Crystal Organisation of Muscle Attachment Sites of Bivalved Marine Organisms: A Juxtaposition Between Brachiopod and Bivalved Mollusc Shells
Abstract
1. Introduction
2. Materials and Methods
2.1. Materials
2.2. Sample Preparation
2.3. Methods
2.4. Terminology
3. Results
4. Discussion
4.1. The Muscles and Their Attachment to the Attachment Site Crystals
4.2. Are the Muscle Attachment Sites of Rhynchonellata and Bivalvia Convergent in Structure?
- The muscle scar of bivalves is a prominent, protruding structure (Figure 14A), limited in extent to only those valve sections where the muscle bundles directly attach to the valves. For rhynchonellate brachiopods, we observed extensive thickening of the valve portions at and near muscle attachment sites (see Figure 2 for dorsal valves). However, the latter is not only present at the sites of muscle attachments but also extends to regions that surround those valve portions where the brachiopod muscles attach to (Figure 2A, red rectangle in Figure 2B). The innermost layer of the thickened shell portion shows a disturbed microstructure of fractal-like crystals. With distance from the muscle attachment, the layer with the disturbed microstructure thins out and disappears (white arrows in Figure 9H and Figure 11C).

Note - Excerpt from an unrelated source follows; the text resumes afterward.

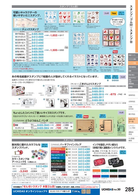 スタンプ(ゴム印)・スタンプ台学習ペーパークラフト・素材イベント用品学習支援用品保育安全・安心OA・サプライ用品文具・事務用品日用品装飾用品飾式典用品式典用品文集・文集・記念品記念品掲示用品掲示用品スタンプ・シールレクリエーレクリエーション用品運動会動用品品AV関連関連機器機器●寸法/黒板:70(奥)×50(幅)×25(高)mm、リングノート:50幅)×50(奥)×25(高)mm●質量/黒板:約53g、リングノート:約37g●材質/ホルダー:木製、印面:ラバー●包装数:1※スタンプ台は付属しません。70mm50mm使用例※高さ25mmスタンプ台耐光性に優れたカラフルなスタンプパッド。印面寸法24×24mm[ツキネコ]カラースタンプ台アートニックS12色セット商品種別型式/02-6205お申込番号8-612-4284M価税抜¥3,600税抜価格¥3,240税込価格¥3,564単位1セット●12個組●寸法/34(幅)×34奥)×20(高)mm●印面寸法/24×24mm●質量/10g●材質/顔料系インク、ABS、スチロール、ウレタン●乾燥時間/再生紙ハガキで10〜15分●普通紙用(非吸収素材には使用不可)●色名/カナリー、スカーレット、バイオレット、ロイヤルブルー、シアン、グリーン、フレッシュグリーン、ピンク、ブラウン、ブラック、ゴールド、シルバー●包装数:1(6色入りケース)×2箱でのお届けです。※[ツキネコ]バーサファインクレア商品種別サマータイムグラマラスウォームブリーズパラダイスレインフォレストパインコーンモーニングミストノクターン型式/02-6245型式/02-6238型式/02-6244型式/02-6243型式/02-6242型式/02-6241型式/02-6240型式/02-6239お申込番号8-612-43868-612-43878-612-43888-612-43898-612-43908-612-43918-612-43928-612-4393インクを吸収しやすい紙なら5秒程で乾く速乾性インクパッドです。●上質紙、クラフト紙、布(コットン、ポリエステルなど)に適しています。●乾燥後は水をはじき、にじみません。印面寸法76×35mmグラマラスノクターンM価税抜¥650税抜価格¥585税込価格¥643単位1個●寸法/97(幅)×57(奥)×23(高)mm●質量/36g●インク/油性顔料●印面寸法/76×35mm●材質/キャップ:ポリプロピレン、本体:ポリスチレン、パッド:ポリエステル●乾燥時間/約3〜5秒(吸収性の良い紙の場合)●包装数:1/240サマータイムウォームブリーズレインフォレストモーニングミストグラマラスパラダイスパインコーンノクターン※コート紙など難吸収性の紙には不適です。布にもスタンプできますが、洗濯すると色落ちする場合がございます。WEB限定で「せんせいスタンプ木製ゴム印」を販売しております。お探しの方はwUCHIDASUCHIDASオンラインショップで木製印ww.uchidas.netへ!Vol.20285ゴム印9個組印面寸法9×9mm持ち運びできるかわいい収納ケース入り。LLC●スヌーピーⓒ2026PeanutsWorldwidewww.SNOOPY.co.jp44mm43mm本体ケース●すみっコぐらし©2026San-XCo.,Ltd.AllRightsReserved.スタンプ(ゴム印)可愛いキャラクターの使いやすいミニスタンプ。使用例●ドラえもん©Fujiko-Pro,Shogakukan,TV-Asahi,Shin-ei,andADK発売元:ショウワノート株式会社●ミッキー&フレンズⓒDISNEY●となりのトトロⓒStudioGhibliM価税抜税抜価格税込価格単位¥1,800¥1,652¥1,817¥1,650¥1,500¥1,6501セット(9個組)●ミニオンズⓒUCSLLC商品種別お申込番号型式/型式/型式/型式/型式/ドラえもんミッキー&フレンズとなりのトトロスヌーピーミニオンズすみっコぐらしちいかわ名探偵コナン千と千尋の神隠し星のカービィ型式/CK9-0098-605-3926CK9-0508-612-4568CK9-0038-612-4292CK9-0158-612-4440CK9-0458-612-4494CK9-0378-605-3927CK9-0568-605-3928CK9-0498-605-3929CK9-0548-605-3930CK9-0598-605-3942型式/型式/型式/型式/●●●●●●●●●●[ビバリー]チェックスタンプ●9個組●寸法/パッケージサイズ:71(幅)×35(奥)×130(高)mm、収納ケースサイズ:43(幅)×44奥)×33(高)mm●印面寸法/9×9mm●材質/天然木、ゴム、ウレタン、アクリル、SUS、PET、紙●包装数:1※スタンプ台は付属しません。※ビバリーの商品は、カタログ有効期限内でもお取り扱い中止になる場合がございます。あらかじめご了承ください。●ちいかわ©nagano●名探偵コナン●千と千尋の神隠し●星のカービィ©青山剛昌/小学館・読売テレビ・TMS1996©2001HayaoMiyazakiStudioGhibli,NDDTM/©Nintendo/HALLaboratory,Inc.あの有名絵画がスタンプに!?絵画の人が励ましてくれるイラストになっています。名刺サイズのカードに押すだけで周りの人を元気づけるメッセージカードに早変わり!印面寸法53×22mm●印面寸法35×35mm●●●●ゴム印M価税抜税抜価格税込価格単位¥750¥675¥7421個お申込番号型式/型式/型式/SKR-GS038-605-3914SKR-GS048-605-3915SKR-GS088-605-3916SKR-GS098-605-3917SKR-GS108-605-3918型式/型式/商品種別女神の応援団あっぱれボナパルトヴィーナスにおまかせききたがりの少女ブラボーの叫び●●●●●[サンビー]ごきげんとりスタンプ●寸法/⓫:60(幅)×30(奥)×18高)mm、⓬⓭⓮⓯:40幅)×40(奥)×18(高)mm●質量/⓫:25g、⓬⓭⓮⓯:23g●材質/MDF、ゴム●包装数:1※スタンプ台は付属しません。印面寸法約61×44mm黒板印面寸法約44×41mmリングノートゴム印50mm50mm1個ちょっとしたコメントに丁度いいサイズのスタンプです。先生からの子どもへのメッセージ、事務員さんから先生への伝言にも

- One of the most distinctive characteristics is that, in contrast to rhynchonellate brachiopods, the muscle scars of bivalves have a competitive growth-derived microstructure (Figure 14B and [21]). These myostraca consist of prisms with irregular morphologies, assembled in a very specific way that depends upon the microstructure of the adjacent shell layer. This was not observed for the investigated rhynchonellate brachiopod species. As detailed in this contribution, the microstructures of muscle attachment crystals of brachiopod shells are also distinct from the rest of the shell. However, muscle scar crystal formation of brachiopod shells is not generated by competitive growth; the muscle scar crystals have highly irregular morphologies and a very disturbed microstructure (Figure 7, Figure 8 and Figure 14). Irrespective of whether muscle attachment crystals originate from fibres or columns (Figure 11A,B, Figure 12B,C and Figure 13C,D), their morphologies are fractal-like (Figure 10C, Figure 12C and Figure 14C,D) and the crystals interdigitate in 3D,
- The carbonate phase of brachiopod muscle attachment sites is always calcite, while bivalve muscle scars always consist of aragonite, even when the adjacent shell layer is formed of calcite [21]. While the reasons for this are not yet fully understood, it might be due to historical restrictions. The earliest bivalve shells were presumably purely aragonitic, and the ability to secrete calcite microstructures may have developed later in bivalves [87].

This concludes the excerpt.